“Yes, I will give you a kiss, if I like the poem. What is the title of this poem then?”
Siddhartha thought about it for a moment, and then he spoke these verses:
The shadowy grove where went the lovely Kamala,
The entrance there, where stood the brown-skin’d samana,
There bowed he deep, he saw the lotus flower,
And Kamala thanked him with smiles and graciousness.
‘Tis lovely, thought he, to offer praise to gods,
‘Tis lovelier still to sacrifice all for her.
The lovely Kamala clapped her bangled hands.
“Your verses are lovely, brown samana, and indeed I have nothing to lose if I let you have a kiss for them.”

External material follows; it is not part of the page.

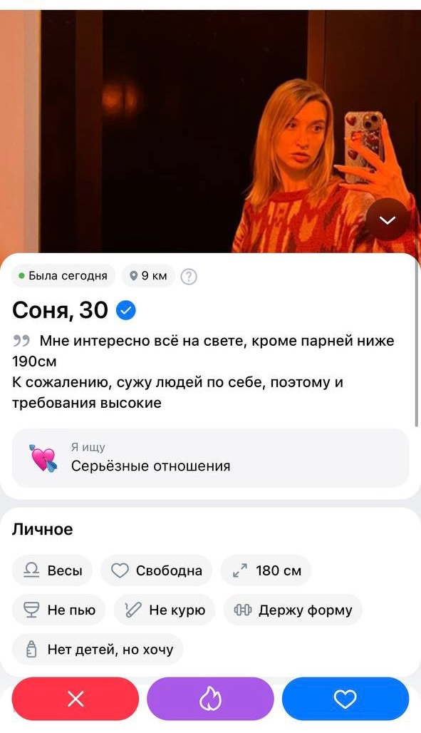 То есть, ее надо полагать оскорбило, что чел ниже нее ростом посмел ее лайкнуть (в ее анкете не сказано про рост парня) и она не просто блокнула но еще и нажаловалась.

With a gesture of her eyes she drew him to herself, he leant his face to hers and put his mouth on her mouth, which was like a fig newly broken open. Kamala’s kiss was long, and Siddhartha felt deep astonishment at how she taught him, at how wise she was, at how she mastered him, pushed him away and drew him back, and at how this first kiss would be followed by many more, a long, well ordered, well-tested series of kisses, each of them different from the last, that awaited him. He remained standing, breathing deeply, and at that moment he was amazed at the fullness of knowledge, the fullness of things worth knowing, that promised themselves to him in front of his eyes.
“Your verses are lovely,” Kamala declared, “if I were rich I would give you a piece of gold for them. Though you will find it very hard to gather as much money as you need by making up verses. You will, after all, need such a lot of money if you want to be the friend of Kamala.”
“Th..the way you kiss, Kamala!” Siddhartha stammered.
“Yes, I am good at that, aren’t I. That is why I am never short of clothes and shoes and jewelry and all those nice things. But what will become of you? Can you think of nothing else but thinking and fasting and making up verses?”
“I know the songs for performing sacrifice, too,” said Siddhartha, “though I no longer wish to sing them. I know magic spells, too, though I no longer wish to cast them. I have read the scriptures ...”
“Stop,” Kamala interrupted him. “You can read? And write?”